Everything from the "Harriton Men's Red" line to the final line of the listing should be written out exactly. Skip the pictures.

_Data excerpt_.

>>>>

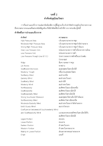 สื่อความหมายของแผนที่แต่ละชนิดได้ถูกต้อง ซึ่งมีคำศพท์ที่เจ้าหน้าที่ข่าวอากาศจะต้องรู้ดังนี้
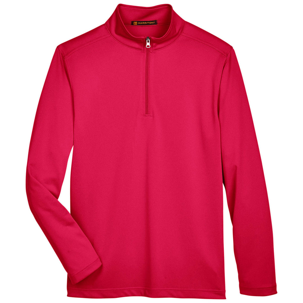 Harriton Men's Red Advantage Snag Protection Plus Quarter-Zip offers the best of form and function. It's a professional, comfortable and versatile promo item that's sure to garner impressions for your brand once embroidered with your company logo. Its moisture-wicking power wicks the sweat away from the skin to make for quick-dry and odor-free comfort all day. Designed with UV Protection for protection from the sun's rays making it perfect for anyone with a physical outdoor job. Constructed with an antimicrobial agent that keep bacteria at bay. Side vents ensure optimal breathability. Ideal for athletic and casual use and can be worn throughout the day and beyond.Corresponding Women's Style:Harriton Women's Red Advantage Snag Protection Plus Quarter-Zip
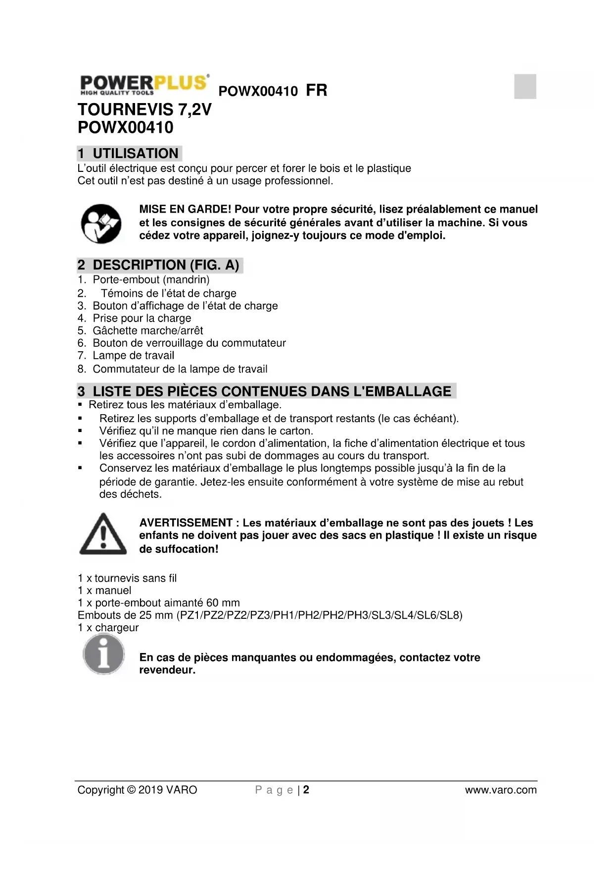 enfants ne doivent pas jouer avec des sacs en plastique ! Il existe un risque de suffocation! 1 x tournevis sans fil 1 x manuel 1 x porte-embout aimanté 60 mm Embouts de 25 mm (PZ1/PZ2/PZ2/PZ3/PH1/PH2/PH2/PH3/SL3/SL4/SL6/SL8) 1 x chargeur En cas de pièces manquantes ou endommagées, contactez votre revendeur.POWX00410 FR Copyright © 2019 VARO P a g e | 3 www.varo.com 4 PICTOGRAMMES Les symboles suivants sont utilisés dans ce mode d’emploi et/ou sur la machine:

<<<<

_Result for this task_.
 Harriton Men's Red Advantage Snag Protection Plus Quarter-Zip offers the best of form and function. It's a professional, comfortable and versatile promo item that's sure to garner impressions for your brand once embroidered with your company logo. Its moisture-wicking power wicks the sweat away from the skin to make for quick-dry and odor-free comfort all day. Designed with UV Protection for protection from the sun's rays making it perfect for anyone with a physical outdoor job. Constructed with an antimicrobial agent that keep bacteria at bay. Side vents ensure optimal breathability. Ideal for athletic and casual use and can be worn throughout the day and beyond.Corresponding Women's Style:Harriton Women's Red Advantage Snag Protection Plus Quarter-Zip
 enfants ne doivent pas jouer avec des sacs en plastique ! Il existe un risque de suffocation! 1 x tournevis sans fil 1 x manuel 1 x porte-embout aimanté 60 mm Embouts de 25 mm (PZ1/PZ2/PZ2/PZ3/PH1/PH2/PH2/PH3/SL3/SL4/SL6/SL8) 1 x chargeur En cas de pièces manquantes ou endommagées, contactez votre revendeur.POWX00410 FR Copyright © 2019 VARO P a g e | 3 www.varo.com 4 PICTOGRAMMES Les symboles suivants sont utilisés dans ce mode d’emploi et/ou sur la machine:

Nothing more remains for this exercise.